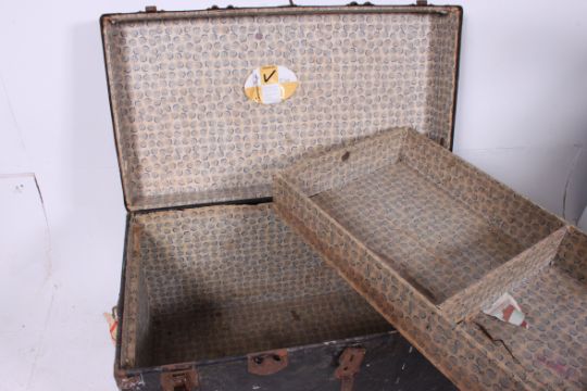 A large 20th century vintage steamer trunk in black having hinged clasps together with another
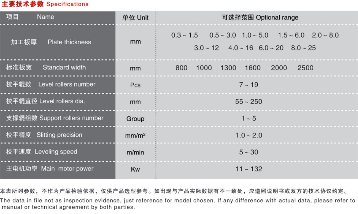 性能特点: 本机床为辊式金属板料整平专用设备,通常由动力、主机和电器控制等部分组成。利用多辊工作原理,使板料在上、下校平辊之间反复变形,消除应力,达到校平的目的。在上、下排工作辊外侧,设刚性支撑辊(轮),构成四重式组辊结构。板料通过本机校平,可明显改善其平整状态,提高工件的质量。可独立工作,用于单块板材的校平;亦可在本机前配置开卷、引料,后面配置剪切、垛料及联机机构等,通过控制系统连成性能完备的生产线,对金属卷材进行整平、分切。
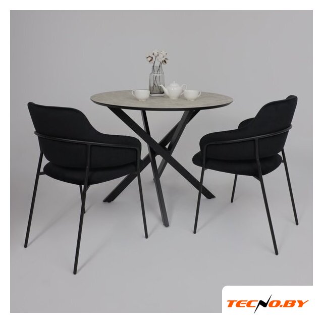 круглая, 950x950 мм, высота 750 мм, материал: пластик (столешница), металл (опоры), черный
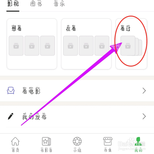 第二步,在豆瓣APP小我中间,点击【看过】按钮。
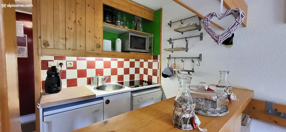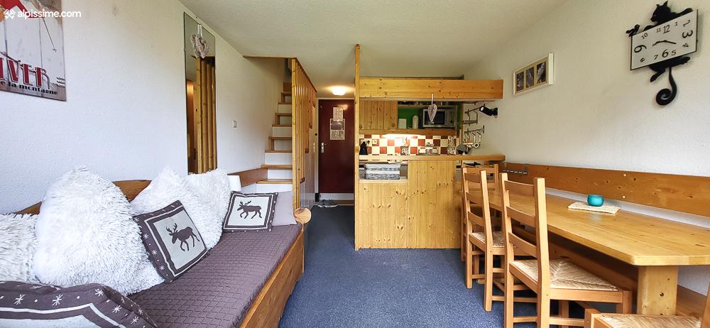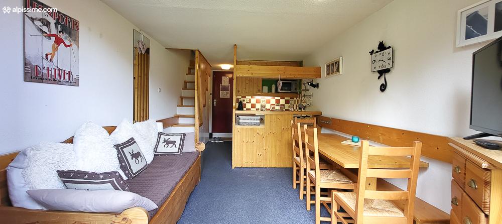 - Une pièce de vie avec cuisine ouverte sur un séjour lumineux, accueillant une banquette gigogne (2 couchages, se mettent à hauteur pour former un lit double)
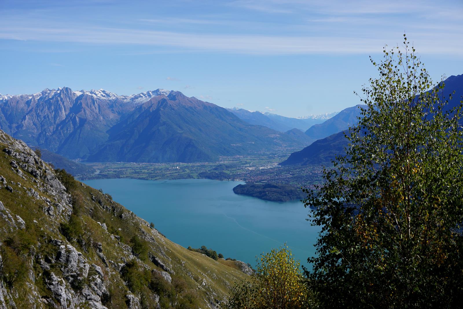 Wir uns übrigens auch. Denn immer, wenn wir unseren Blick von den niedlichen Viechern abwenden, erwarten uns tolle Weitsichten. Nur einen Katzensprung entfernt nämlich enden die Alpen und die italienische Poebene beginnt. Im nächsten Moment stehen wir am wohl schönsten Punkt der gesamten Via dei Monti Lariani. Am Aussichtspunkt Ermogna (3) liegt uns eindrucksvoll der Comer See in Richtung Norden zu Füßen. Dahinter ragt der 4000 Meter hohe Piz Bernina der Schweiz auf.
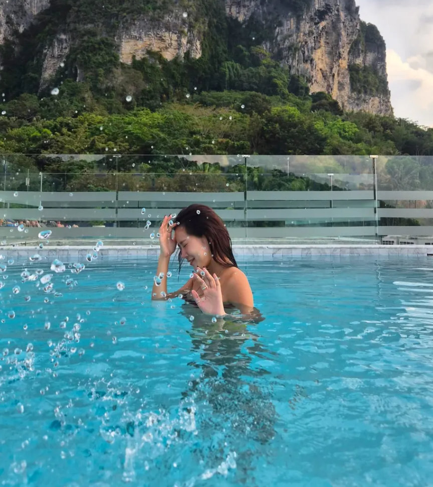 사진 = 소유 SNS 계정 공개된 사진 속 소유는 태국 끄라비의 해변과 수영장에서 여유로운 시간을 보내고 있다. 모래사장에 앉아 바다를 바라보거나 물놀이를 즐기는 모습이 자연스럽게 담겼다. 최근 10kg 감량에 성공한 소유는 군살 없는 S라인과 완벽한 비율로 팬들의 시선을 사로잡았다. 모자와 선글라스, 비치웨어를 매치한 캐주얼한 휴양지 패션 속에서도 탄탄한 몸매와 건강미가 돋보인다.

######

**WHAT YOU SHOULD DO**
Repeat, line for line and exactly, the material from its first line through the line that contains "круглая, 950x950 мм, высота", both ends included; no pictures belong in the copy.

**ANSWER SECTION**
 A large 20th century vintage steamer trunk in black having hinged clasps together with another
 性能特点: 本机床为辊式金属板料整平专用设备,通常由动力、主机和电器控制等部分组成。利用多辊工作原理,使板料在上、下校平辊之间反复变形,消除应力,达到校平的目的。在上、下排工作辊外侧,设刚性支撑辊(轮),构成四重式组辊结构。板料通过本机校平,可明显改善其平整状态,提高工件的质量。可独立工作,用于单块板材的校平;亦可在本机前配置开卷、引料,后面配置剪切、垛料及联机机构等,通过控制系统连成性能完备的生产线,对金属卷材进行整平、分切。
 круглая, 950x950 мм, высота 750 мм, материал: пластик (столешница), металл (опоры), черный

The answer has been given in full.